Clinical pharmacokinetics of tramadol and main metabolites in horses undergoing orchiectomy

Background: Tramadol is a synthetic codeine analogue used as an analgesic in human and veterinary medicine. It is not approved for use in horses, but could represent a valid tool for pain treatment in this species. Objectives: The serum pharmacokinetic profile and urinary excretion of tramadol and its metabolites (O-desmethyltramadol [M1], N-desmethyltramadol [M2] and N,O-desmethyltramadol [M5]) was investigated in a multidrug anaesthetic and analgesic approach for orchiectomy in horses.
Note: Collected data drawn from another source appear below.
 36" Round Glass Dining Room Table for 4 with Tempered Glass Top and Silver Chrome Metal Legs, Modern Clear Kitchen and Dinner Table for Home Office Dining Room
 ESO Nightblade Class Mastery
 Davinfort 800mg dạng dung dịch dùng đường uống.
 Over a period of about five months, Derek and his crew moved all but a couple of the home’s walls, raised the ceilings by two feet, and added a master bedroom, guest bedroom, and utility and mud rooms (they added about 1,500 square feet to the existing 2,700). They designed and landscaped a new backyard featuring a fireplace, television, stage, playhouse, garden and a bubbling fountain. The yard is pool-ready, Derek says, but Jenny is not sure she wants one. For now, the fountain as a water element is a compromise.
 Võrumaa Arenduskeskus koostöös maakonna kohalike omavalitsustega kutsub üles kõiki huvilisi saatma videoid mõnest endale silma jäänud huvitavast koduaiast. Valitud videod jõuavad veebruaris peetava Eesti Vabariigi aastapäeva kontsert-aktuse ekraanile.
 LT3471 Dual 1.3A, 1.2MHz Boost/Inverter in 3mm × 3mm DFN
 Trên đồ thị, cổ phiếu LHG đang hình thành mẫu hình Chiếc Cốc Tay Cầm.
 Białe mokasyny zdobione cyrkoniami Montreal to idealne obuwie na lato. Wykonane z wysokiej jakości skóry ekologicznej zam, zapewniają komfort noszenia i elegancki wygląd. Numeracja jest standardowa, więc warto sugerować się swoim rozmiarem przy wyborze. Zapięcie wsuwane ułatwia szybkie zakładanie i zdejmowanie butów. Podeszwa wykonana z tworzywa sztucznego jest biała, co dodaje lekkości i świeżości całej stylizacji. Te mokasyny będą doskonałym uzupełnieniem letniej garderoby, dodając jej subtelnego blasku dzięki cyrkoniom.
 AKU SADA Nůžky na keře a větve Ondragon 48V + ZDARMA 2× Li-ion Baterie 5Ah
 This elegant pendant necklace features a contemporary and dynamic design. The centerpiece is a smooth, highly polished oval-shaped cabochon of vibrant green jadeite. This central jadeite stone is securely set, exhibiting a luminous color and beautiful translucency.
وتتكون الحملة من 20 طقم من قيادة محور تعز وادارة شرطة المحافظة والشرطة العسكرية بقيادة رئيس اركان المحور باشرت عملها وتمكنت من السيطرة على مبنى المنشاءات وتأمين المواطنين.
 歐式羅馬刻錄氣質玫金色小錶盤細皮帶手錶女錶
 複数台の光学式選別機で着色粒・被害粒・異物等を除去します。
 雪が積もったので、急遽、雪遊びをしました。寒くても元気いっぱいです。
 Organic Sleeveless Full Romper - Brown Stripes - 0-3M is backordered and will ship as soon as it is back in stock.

The evaluation of the degree of cardiovascular stability, the intraoperative effect and postoperative analgesia obtained by the visual analogue scale are also reported. Animal and methods: Tramadol (4 mg/kg BW) was administered intravenously to eight male yearlings as a bolus over 60 seconds, 5 min after intubation and 15 min prior to surgery. Drug quantification was performed in serum and urine for tramadol, M1, M2 and M5 by high-performance liquid chromatography with fluorimetric detection. Results: Mean tramadol concentration was 14.87 ± 11.14 μg/mL at 0.08 h, and 0.05 ± 0.06 μg/mL at 10 h. Serum concentrations of M1 and M2 metabolites were quite limited. For M1 and M2, median maximum concentration (Cmax) and time to achieve maximum concentration (Tmax) were 0.05 μg/mL and 0.75 h, and 0.08 μg/mL and 2 h, respectively; M5 was never detected. In urine, tramadol was the most recovered compound, followed by M1, M2 and M5. Conclusions and clinical relevance: Showing no adverse events and based on the kinetic behaviour, pre-operative tramadol IV at a dose of 4 mg/kg BW might be useful and safe as analgesic in horses undergoing surgery.